Lithium vanadium phosphate LVP

Lithium vanadium phosphate is a kind of polyanionic anode material, which has the advantages of good stability, high safety, high theoretical capacity, high operating voltage and low price.
Lithium vanadium phosphate is a monoclinic structure compound with a higher positive lithium ion diffusion system and a higher discharge voltage (3.6/4.1V). At the same time, due to the addition of carbon in the lithium vanadium phosphate complex, the overall energy density and safety are high, which can not only exclude the shortcomings of lithium cobalt acid and lithium iron phosphate, but also improve the electrical conductivity [1]. However, vanadium material has the disadvantages of difficult extraction of precursor, high energy loss and high toxicity, so it is very important to analyze the application of graphene in the preparation of lithium vanadium phosphate for lithium ion batteries.
Lithium vanadium phosphate cationic and anion doping
On the one hand, the lithium vanadium phosphate/graphene complex crystal is a three-dimensional framework, which mainly includes phosphate tetrahedron and octahedron. Since lithium ions can be freely diffused within the crystal during the charge and discharge process, in order to ensure the electrochemical performance of lithium vanadium phosphate/graphene, the lithium ion diffusion channel in lithium vanadium phosphate materials can be further expanded by adjusting the number of cations or anions of lithium vanadium phosphate/graphene. The commonly used lithium vanadium phosphate/graphene modified cations are mainly manganese ions, barium ions, chromium ions and antimony ions. Taking chromium ion doping modification as an example, lithium carbonate, chromium acetate, ammonium hydrogen phosphate and ammonium metavanadate can be weighed according to the measurement ratio of house type in previous experiments. The mixture is then incorporated into 80mL of deionized water and the acid saturated solution is gradually added. After full stirring, adjust the pH to 7.0 with ammonia. The mixture was then placed in a water bath heated stirring instrument (80°C/3.5h) and an oven (80°C/10h).
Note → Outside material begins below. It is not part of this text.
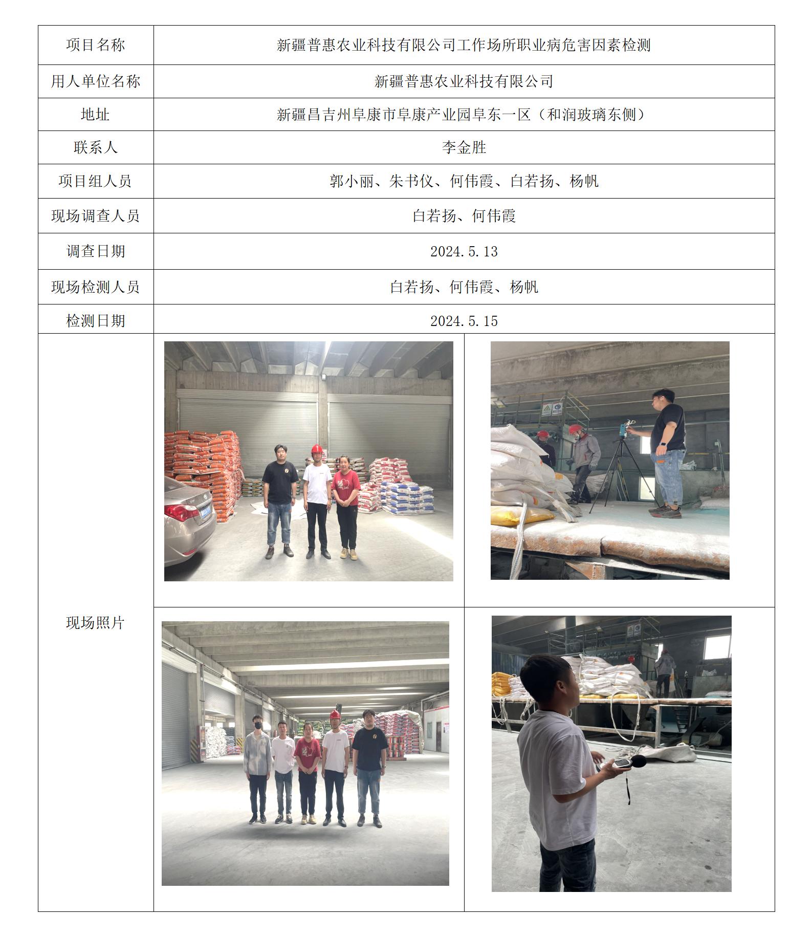 新疆普惠农业科技有限公司工作场所职业病危害因素检测

The modified material is cooled to room temperature in argon and then ground. By adjusting the proportion of chromium acetate, it can be concluded that with the increase of the proportion of chromium acetate, the diffraction peak crystal plane spacing of lithium vanadium phosphate material increases gradually, indicating that the material modification is successful. On the other hand, in the anionic doping of lithium vanadium phosphate/graphene, the main doped materials are chloride ions, fluorine ions and boric acid ions. Taking the addition of chloride ions as an example, the materials of lithium chloride, ammonium hydrogen phosphate, lithium carbonate and ammonium metavanadate can be classified according to the stoichiometric ratio.